Personal information
- Date of birth: 1 January 1998 (age 28)
- Place of birth: Busan, South Korea
- Height: 1.88 m (6 ft 2 in)
- Position: Defender

Team information
- Current team: FC Seoul
- Number: 4

Youth career
- 2013–2015: Ulsan Hyundai High School
- 2016–2017: Soongsil University

Senior career*
- Years: Team / Apps / (Gls)
- 2018–2019: Ulsan Hyundai / 0 / (0)
- 2019: → V-Varen Nagasaki (loan) / 16 / (0)
- 2020: → Seoul E-Land (loan) / 26 / (0)
- 2021: Seoul E-Land / 28 / (1)
- 2022–: FC Seoul / 25 / (1)
- 2023–2024: → Gimcheon Sangmu (draft) / 29 / (2)

International career^{‡}
- 2012: South Korea U-14 / 2 / (0)
- 2013–2015: South Korea U-17 / 24 / (1)
- 2016–2017: South Korea U-20 / 15 / (0)
- 2017–2021: South Korea U-23 / 22 / (1)
- 2017: South Korea Universiade / 5 / (0)

Medal record
Representing South Korea
Men's football
AFC U-23 Championship
| Gold medal – first place | Thailand 2020 |  |

= Lee Sang-min (footballer, born 1998) =

South Korean footballer

Lee Sang-min (born 1 January 1998) is a South Korean professional footballer who plays as a defender for FC Seoul.

==Club career==
===Seoul E-Land FC===
In 2020, he joined Seoul E-Land FC of K League 2 on loan from Ulsan Hyundai.

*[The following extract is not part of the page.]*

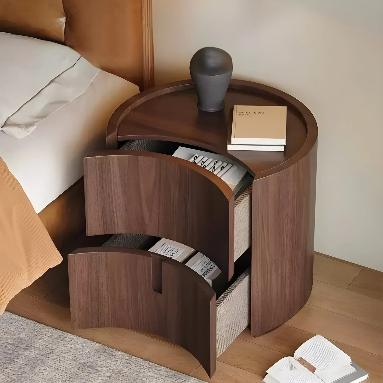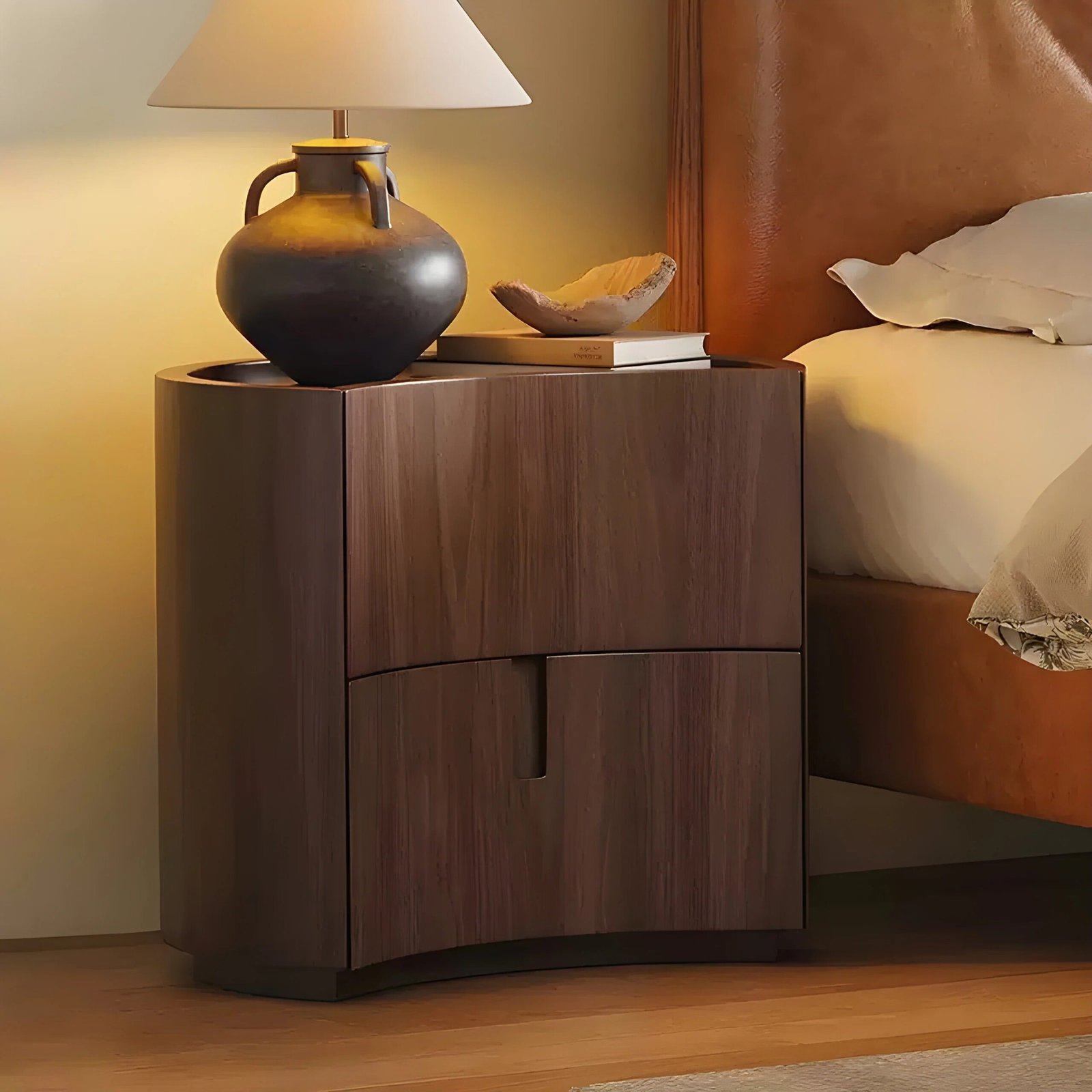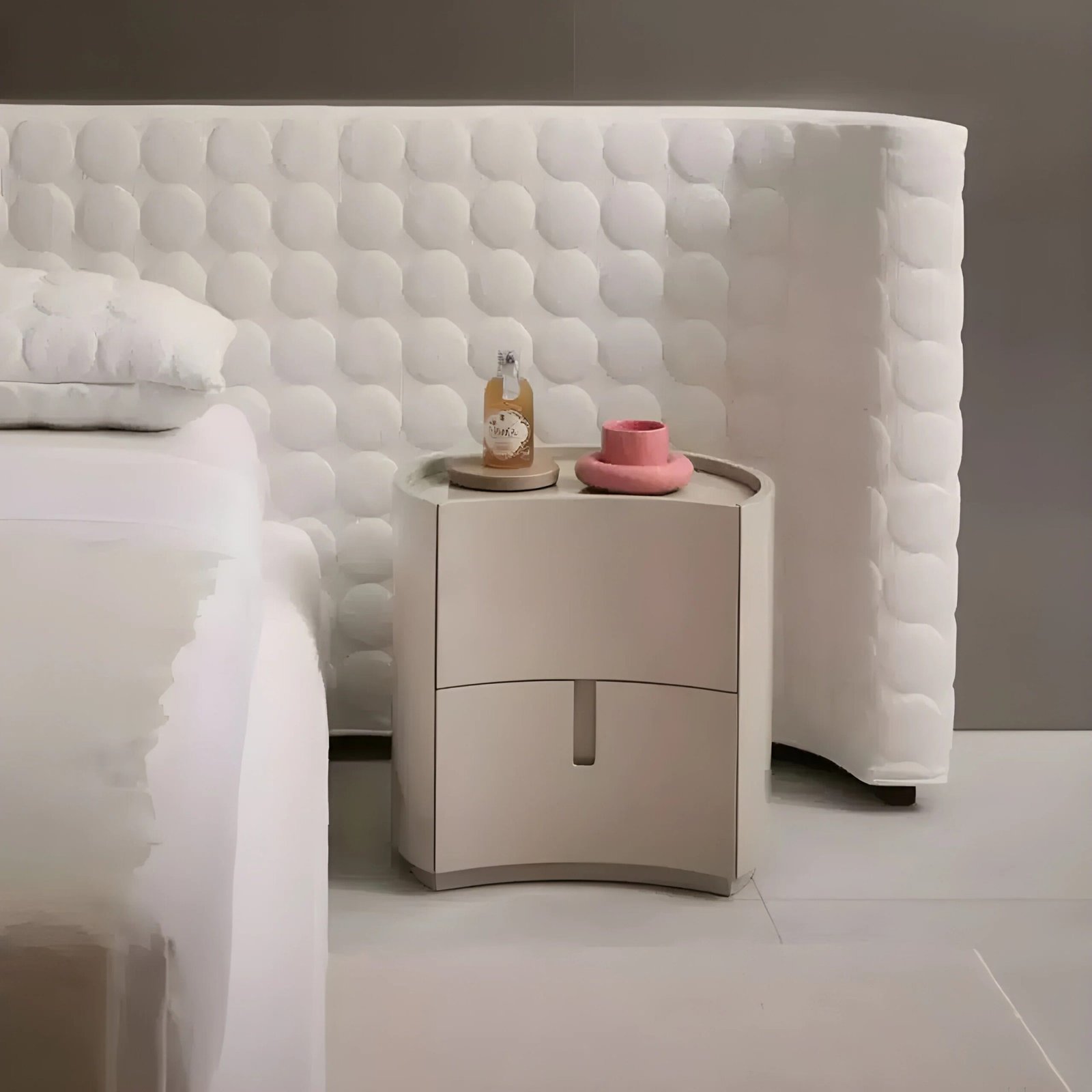 هذه القطعة الأنيقة تجمع بين البساطة والوظيفة بتصميم عصري وانسيابي، فهي خزانة جانبية متعددة الاستخدامات تتميز بسطح أملس ولمسة نهائية لامعة تضيف لمسة فاخرة لأي مساحة. تحتوي على درجين بتصميم خفي لتخزين الأدوات الصغيرة أو المستلزمات اليومية بشكل منظم، مما يجعلها مثالية لغرفة النوم كطاولة جانبية،. تصميمها المنحني الفريد يوفر حضورًا مميزًا يجمع بين الجمال العملي والفخامة الهادئة.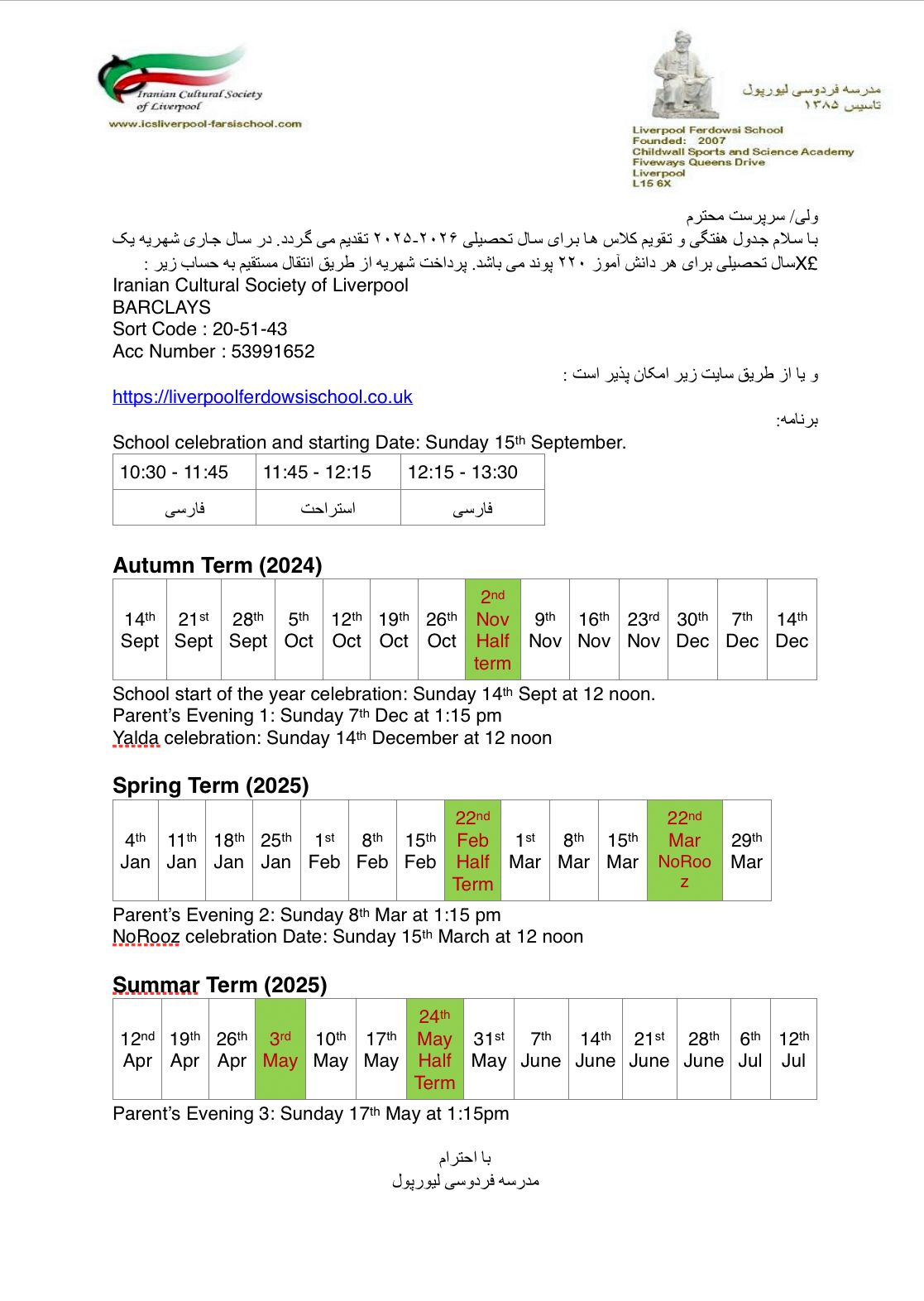 مدرسه فارسی لیورپول درسال ۲۰۰۶ میلادی با همت جمعی از ایرانیان داوطلب علاقه مند به فرهنگ و زبان پارسی تاسیس گردید .با گذشت زمان ، فعالیت های مدرسه، گسترش بیشتری یافت و نام زنده کننده زبان پارسی (فردوسی) را برگزید.

In 2021, he was fully transferred to the club.

===FC Seoul===
In 2022, Lee joined FC Seoul.

==International career==
In a friendly match against Zambia on 27 March 2017, Lee successfully resuscitated the unconscious Jeong Tae-wook, saving his life.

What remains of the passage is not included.